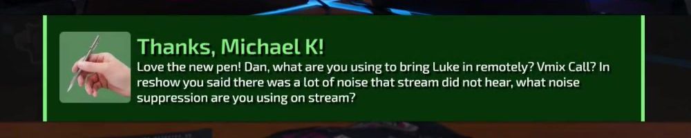 Love the new pen! Dan, what are you using to bring Luke in remotely? Vmix Call? In
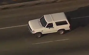 Sure enough, the infamous white Bronco, along with a caravan of slow-moving police cars and a covey of news and police choppers, passed right in front of us.  Our synagogue was right on the route A.C. Cowlings took back to the Rockingham estate.  We distinctly saw Simpson in the back of the Bronco, with a shadow of the gun he held at his head clearly visible.
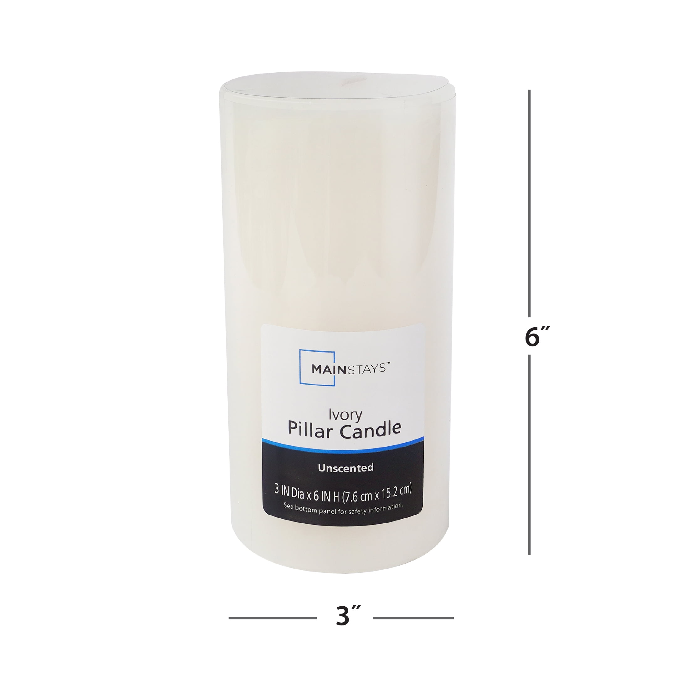 Mainstays Single Wick 3″ x 6″ Pillar Candle, Unscented, Ivory
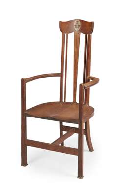 ARTS & CRAFTS OAK HIGH BACKED ARMCHAIR, CIRCA 1901
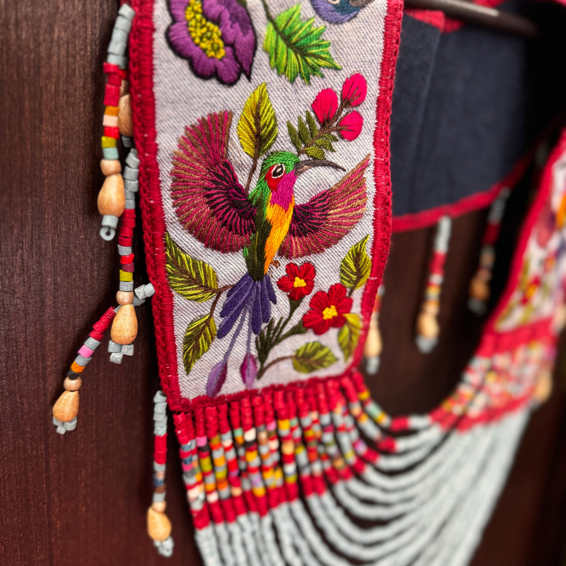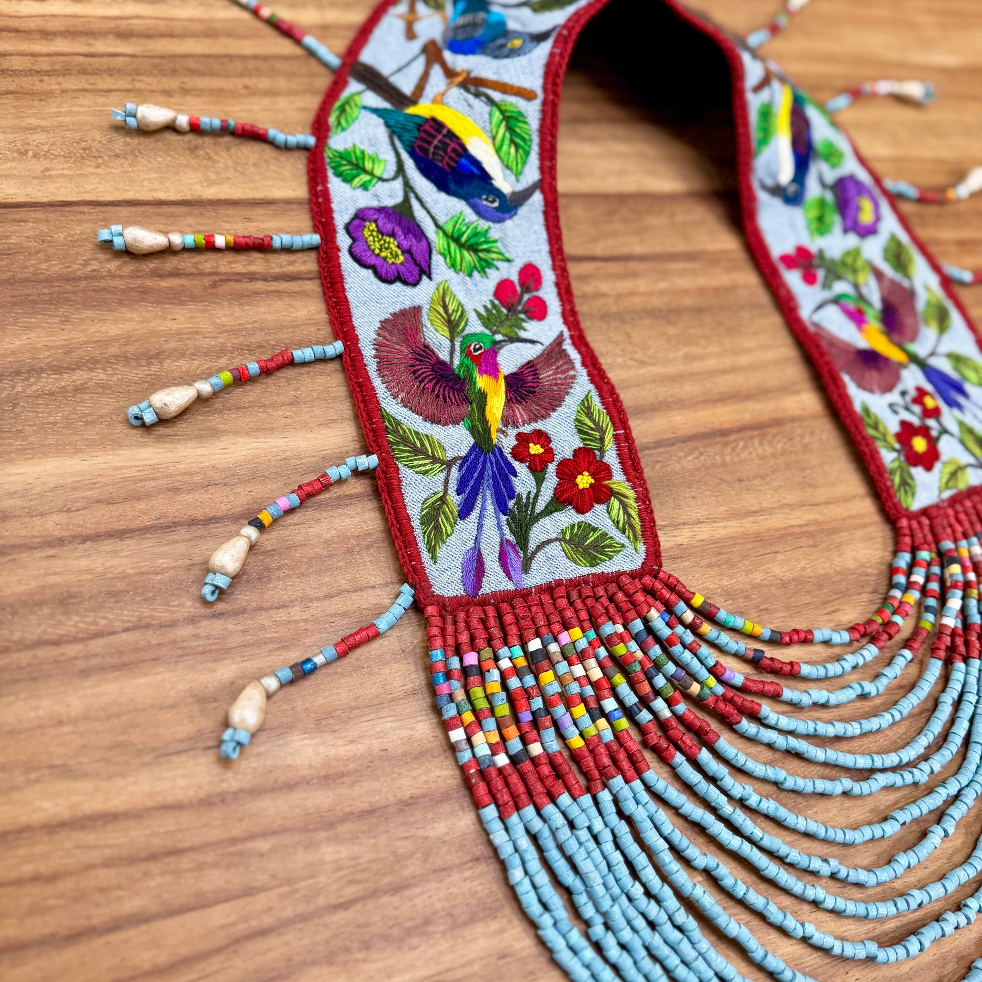 Todas nuestras Piezas de Pechera Ceremonial Aguacatán están hechas a mano de abajo hacia arriba en Guatemala por artesanos mayas.
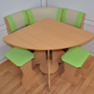 Una taula a petites cantonades difereix de forma. En la realització tradicional, pot ser rectangular amb arestes afilades o arrodonides. A més d'aquests models, les marques inclouen taules ovalades i triangulars en conjunts. A més, a la venda podeu trobar mobles de mida petita amb taula rodona. El compacte en diferents conjunts és diferent, com també ho és el material de fabricació.
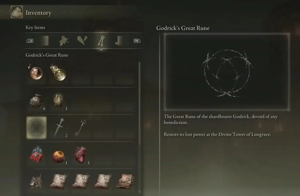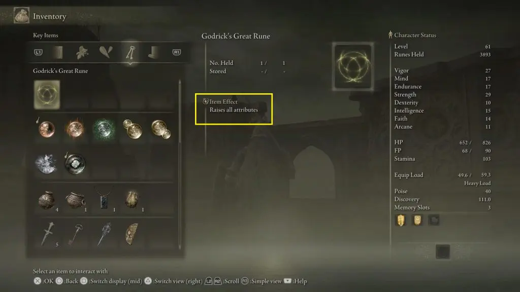Now when you see Godrick’s Great rune in the inventory, you will see that its power has been restored. It raises all attributes.
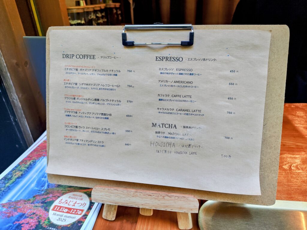 ドリンクはドリップコーヒー、エスプレッソ系ドリンク、抹茶系ドリンク。
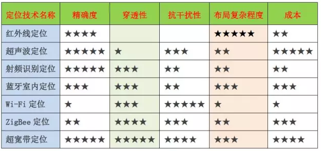 下面我们就从精确度,穿透性,抗干扰性,布局复杂程度,成本5个方面全方位来比较一下市面上流行的几种室内定位手段。
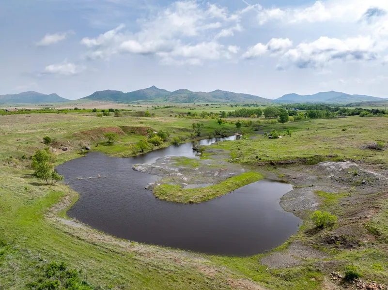 Introducing the Buffalo Dream Ranch, a premier western Oklahoma property situated at the western foothills of the Wichita Mountains. You will not find another property on the market that offers as much as this place! This property features 80 +/- acres of some of the most beautiful and unique landscape in all of Oklahoma. Boggy Hollow Creek runs right through the center of the property with rolling pastures of lush native grass dotted with gabbro and blackish granite boulders to the south of the creek and high creek banks overlooking several clear ponds and more rolling hills of grass pasture on the north side of the creek. The actual creek itself is a true gem all its own. The clear, cold water trickles through, over and around black granite slabs and boulders coming to rest in the many naturally dammed pools along its winding path. Willows, cedars and other trees line the banks and see...
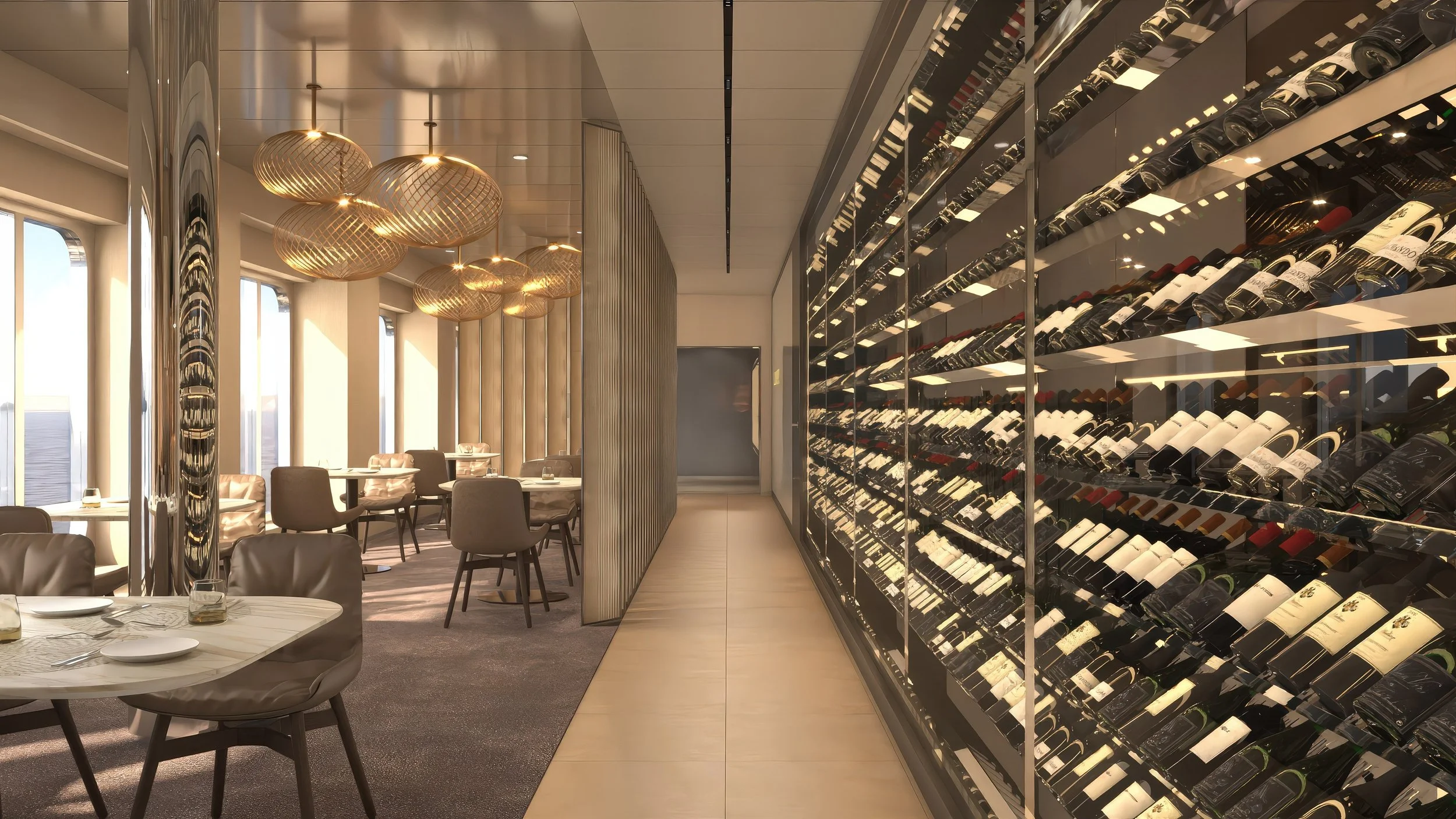 The feeling: Classic ocean liner travel with timeless elegance, maritime tradition, and a refined onboard atmosphere inspired by the golden age of transatlantic voyages.
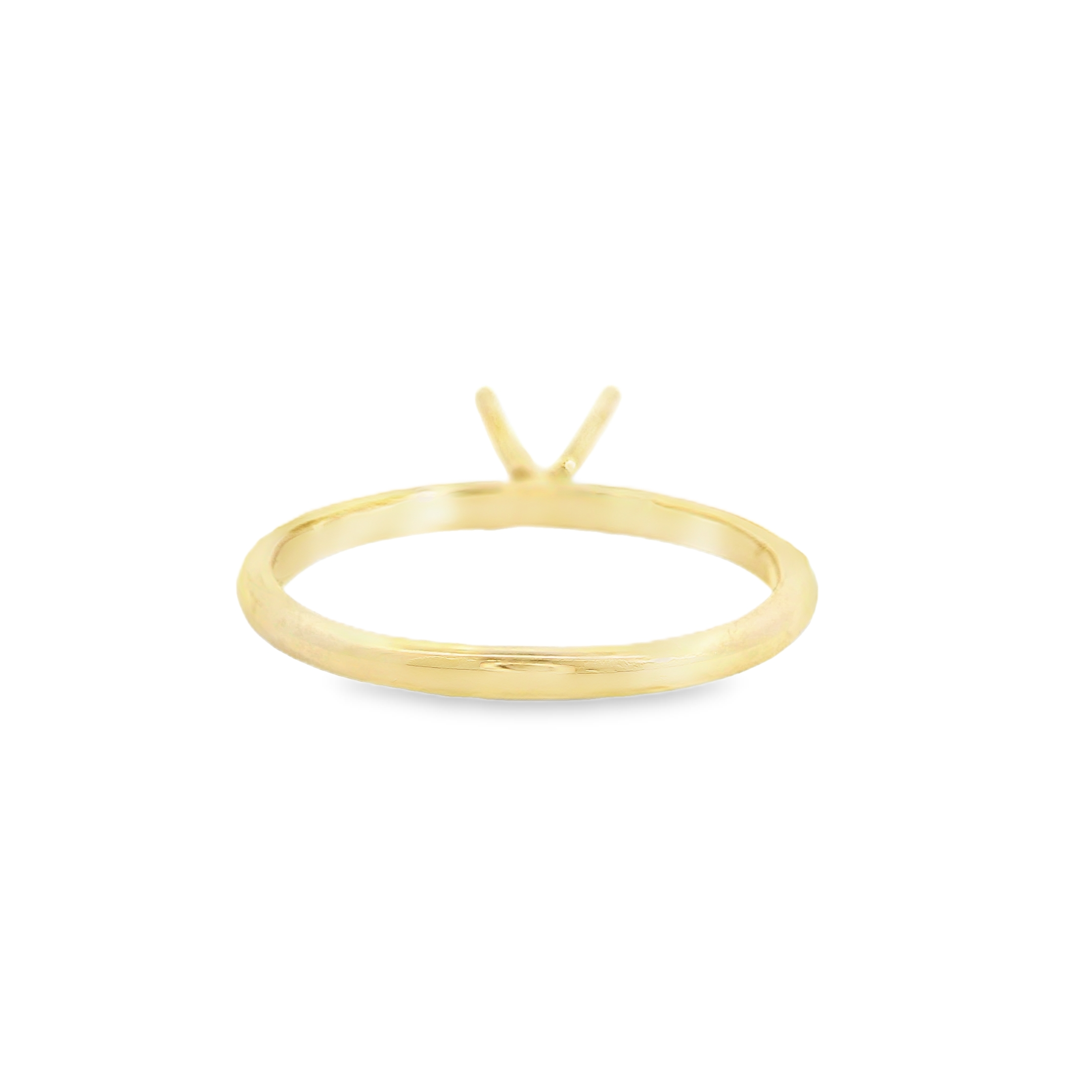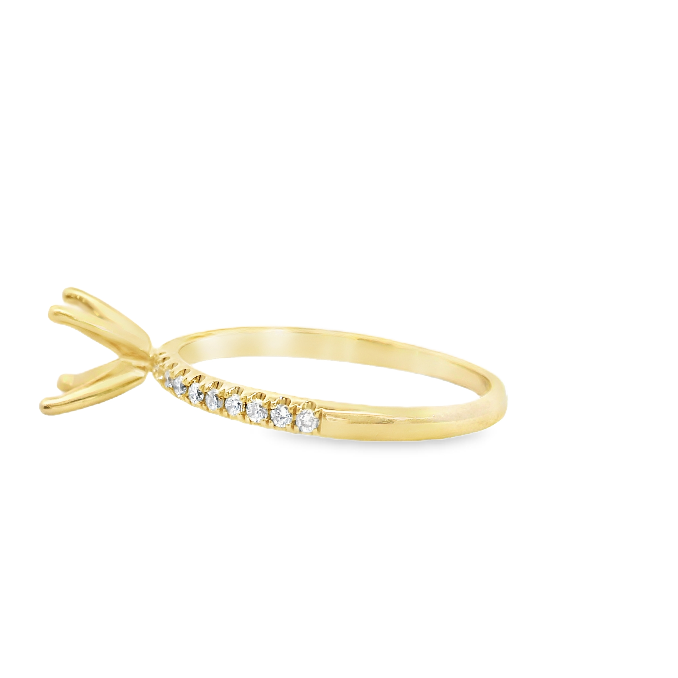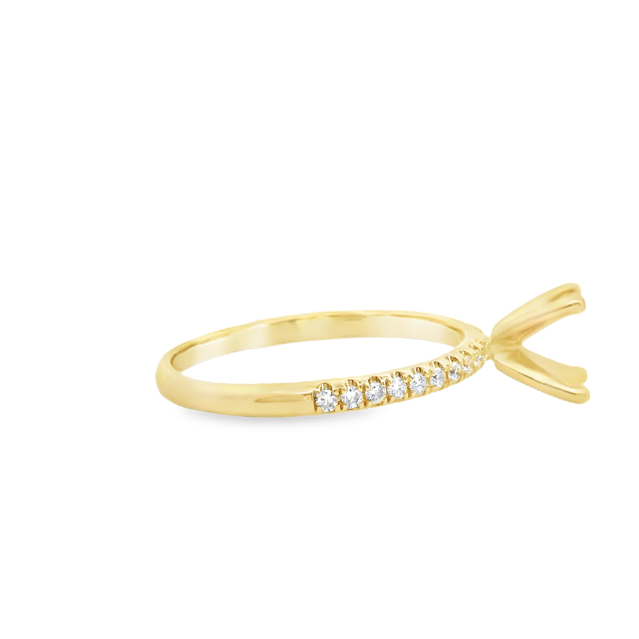 This ring is a 14k yellow gold classic diamond mounting with 20 round diamonds prong set across the band. They total 0.15 ct tw.

* _About this exercise_
Restate the lines above from the one containing "Mainstays Single Wick" through the one containing "下面我们就从精确度,穿透性,抗干扰性,布", inclusive, exactly and without pictures.

* _Result_
 Mainstays Single Wick 3″ x 6″ Pillar Candle, Unscented, Ivory
 ARTS & CRAFTS OAK HIGH BACKED ARMCHAIR, CIRCA 1901
 Todas nuestras Piezas de Pechera Ceremonial Aguacatán están hechas a mano de abajo hacia arriba en Guatemala por artesanos mayas.
 Una taula a petites cantonades difereix de forma. En la realització tradicional, pot ser rectangular amb arestes afilades o arrodonides. A més d'aquests models, les marques inclouen taules ovalades i triangulars en conjunts. A més, a la venda podeu trobar mobles de mida petita amb taula rodona. El compacte en diferents conjunts és diferent, com també ho és el material de fabricació.
Now when you see Godrick’s Great rune in the inventory, you will see that its power has been restored. It raises all attributes.
 ドリンクはドリップコーヒー、エスプレッソ系ドリンク、抹茶系ドリンク。
 下面我们就从精确度,穿透性,抗干扰性,布局复杂程度,成本5个方面全方位来比较一下市面上流行的几种室内定位手段。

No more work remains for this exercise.